A Connecticut Chippendale inlaid-cherry desk and bookcase, Norwich or Connecticut River Valley, late Eighteenth Century, in two parts, closed bonnet top, frontal ball and claw feet, sold for $23,600, within estimate; a Louisiana carved and painted pine folk art rabbit, 19 inches long and from the collection of Robert Bishop, was $2,006; and a New England Queen Anne grain painted cherry candlestand, 16-by-16½-inch top, sold for just over the high estimate at $5,900.
A carved and painted pelican by Lou Schifferl, Neenah, Wis., 34¼ inches high, went for $1,652; the portrait of Julie Smith in white dress with red sash by Erastus Salisbury Field, oil on canvas measuring 33 by 27 inches, sold for just under the low estimate at $9,440. The provenance lists Lawrence “Gene” King of Monroe Center, Ill. The following lot, a New England painted and boldly decorated one-drawer blanket chest, Betty Sterling provenance, exceeded the high $8,000 estimate, realizing $10,030.
Bringing more than three times the $5,000 high estimate was an American folk art wool appliqué crib quilt, late Nineteenth Century, depicting cats, horses, chickens and other farm animals, as well as shoes, farm tools and leaves, that brought $17,700. It measures 54 by 38 inches and was mounted in a Plexiglas frame.
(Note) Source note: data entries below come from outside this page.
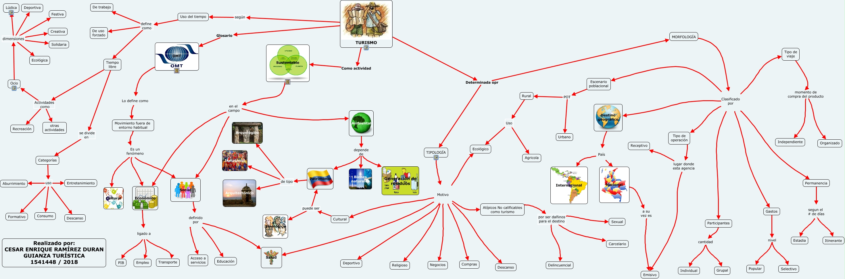 Este Cmap, tiene información relacionada con: MAPA CONCEPTUAL TURISMO 2018, OMT Lo define como Movimiento fuera de entorno habitual, Económico ligado a PIB, Atípicos No calificables como turismo por ser dañinos para el destino Carcelario, Uso del tiempo define como Tiempo libre, MORFOLOGÍA Clasificado por Escenario poblacional, Social definido por Acceso a servicios, MORFOLOGÍA Clasificado por Destino geográfico, Sustentable en el campo Económico, Permanencia segun el # de días Estadia, TURISMO Determinada opr TIPOLOGÍA, Rural Uso Agricola, TIPOLOGÍA Motivo Religioso, Gastos nivel Popular, Categorías uso Descanso, Nacional a su vez es Emisivo, Patrimonio de tipo Inmaterial, Sustentable en el campo Social, Atípicos No calificables como turismo por ser dañinos para el destino Delincuencial, Tipo de viaje momento de compra del producto Organizado, Uso del tiempo define como De trabajo
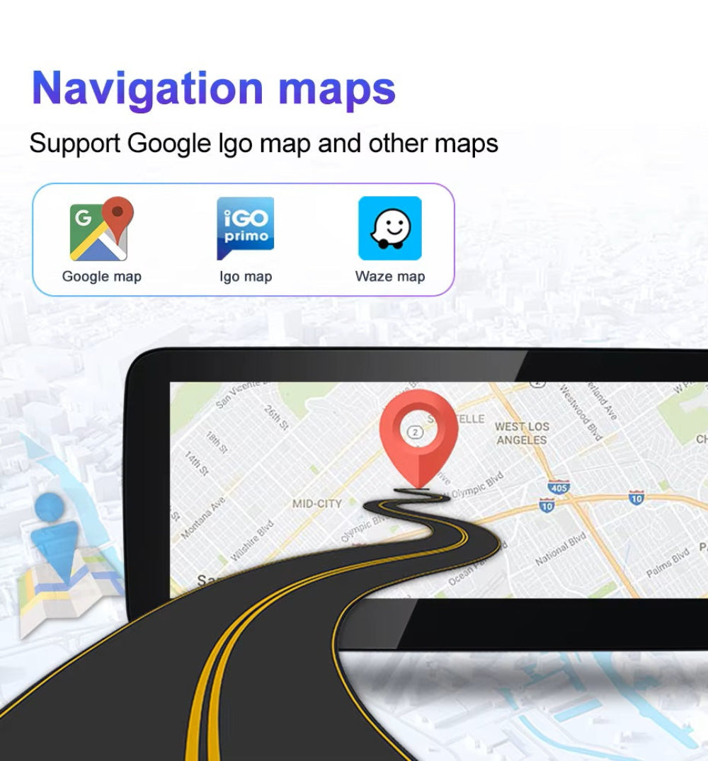• Navigation: Online & offline maps supported (Google Maps, Waze, iGO, etc.)
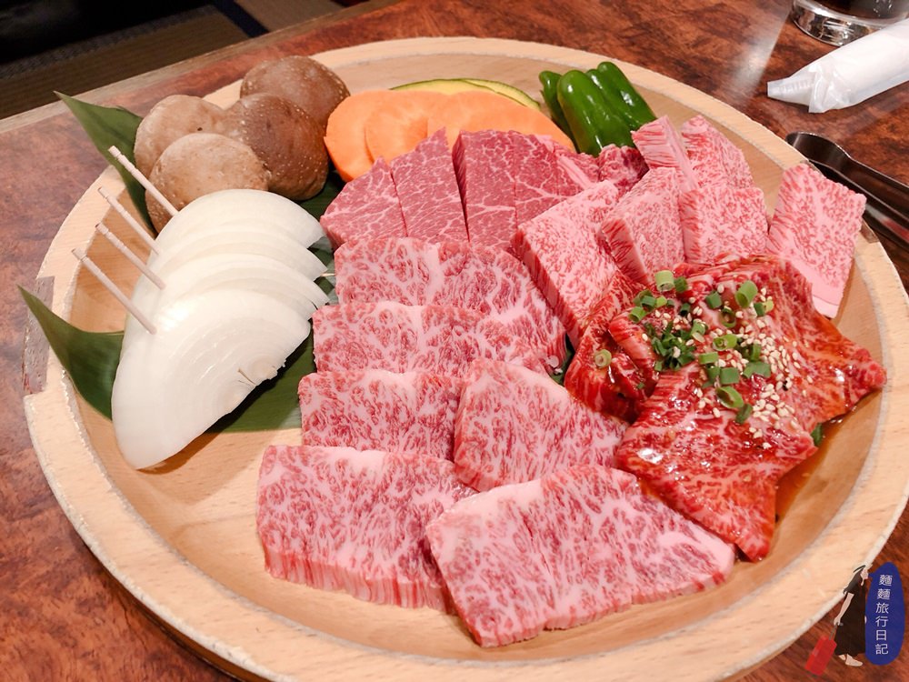 我點了一份和牛套餐,加2位的沙拉吧,1人¥350 日幣,肉的油花分布超美滴,而且分量滿大的,很多種肉欸!裡面有菲力、排骨牛、五花牛跟一些蔬菜,套餐裡的和牛,牛肉都有一定的厚度,我一開始還想說這麼便宜可能肉品質不是很好,沒想到這肉很可以啊!
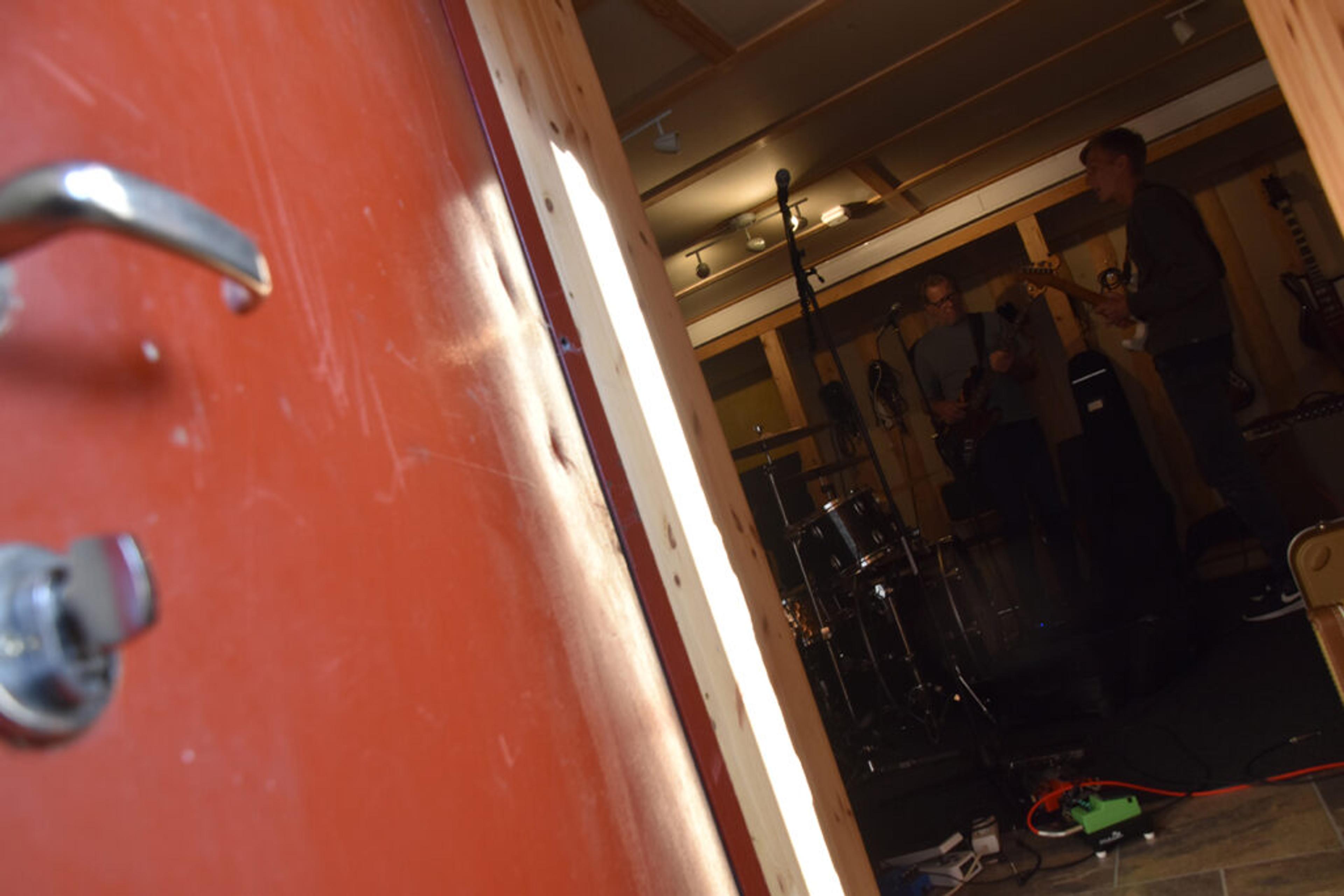 MUSIKALSKE MIRAKLER: Bak denne gamle døra inn til Elverhøy-kjelleren skjer det musikalske mirakler, det kan lokalavisa skrive under på som fikk høre noen smakebiter fra repertoaret. Foto: Stian Ormestad.
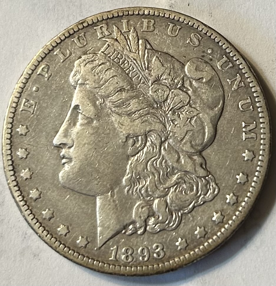 This is a 1893-O Morgan Dollar. Only 300,000 were minted, so they are hard to get but still affordable in the mid hundreds range. The other four just get costlier. She’s nice, clean but circulated and fits into my set nicely. Some are better and some are more worn. Please join me in my happiness. :shame:

A pencil on paper by Fritz Vogt showing the residence of Mr and Mrs Chas Kinaman, Buel, Montgomery County, N.Y., 18 by 23½ inches, signed and dated Septr. 29, 1892, lower left, went for $12,980.
The sale ended with the Twentieth Century well represented through collections of carved fish, frogs, turtles and other shapes of fishing decoys, as well as trade signs and walking sticks.
“I knew Claire for over 35 years and her collection, varied and interesting, came through many of the old-time dealers. And I am pleased to have been the auctioneer picked to sell her things,” Ron Bourgeault said. He added that the sale went well, grossing a total of $775,000, including the buyer’s premium.